### DIRECTIONS
Send back the line that contains "Hier finden Sie" and all lines following it through the end of the data below, exactly, omitting pictures.

### STORED DATA
((
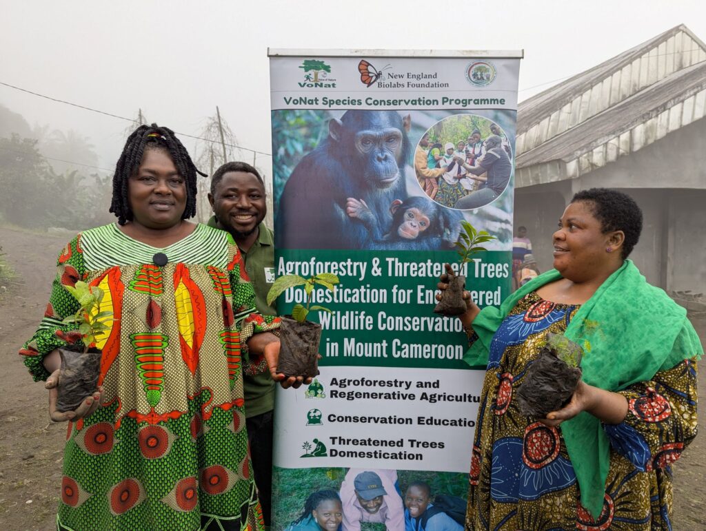 By supporting communities like Bonakanda to cultivate threatened tree species, VoNat is reducing harvesting pressure inside Mount Cameroon National Park and restoring these species on farms, home gardens, and communal lands. In doing so, VoNat is not only advancing biodiversity recovery, it is empowering communities to manage natural resources sustainably while strengthening intergenerational knowledge and stewardship.
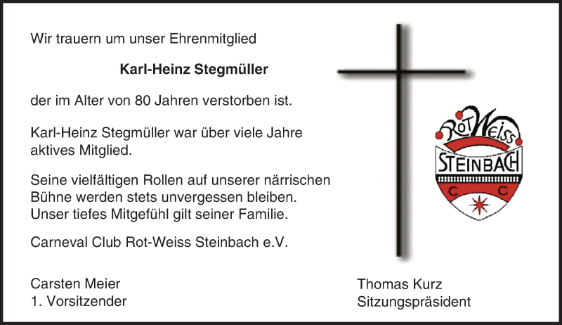 Hier finden Sie alle Traueranzeigen aus der Zeitung, die bisher für Karl-Heinz Stegmüller erschienen sind. Weitere Traueranzeigen, die in der Zeitung erscheinen, werden hier ebenfalls aufgelistet
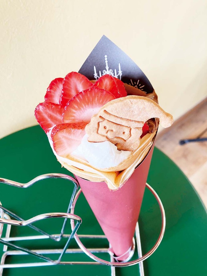 ヌテラチョコクリームと生クリームに、いちごをたっぷりトッピング。生クリームは自家製カスタードクリームに変更OK。クリスマス気分を楽しめる、スペシャルクレープです。
))
### EXERCISE OUTPUT
 Hier finden Sie alle Traueranzeigen aus der Zeitung, die bisher für Karl-Heinz Stegmüller erschienen sind. Weitere Traueranzeigen, die in der Zeitung erscheinen, werden hier ebenfalls aufgelistet
 ヌテラチョコクリームと生クリームに、いちごをたっぷりトッピング。生クリームは自家製カスタードクリームに変更OK。クリスマス気分を楽しめる、スペシャルクレープです。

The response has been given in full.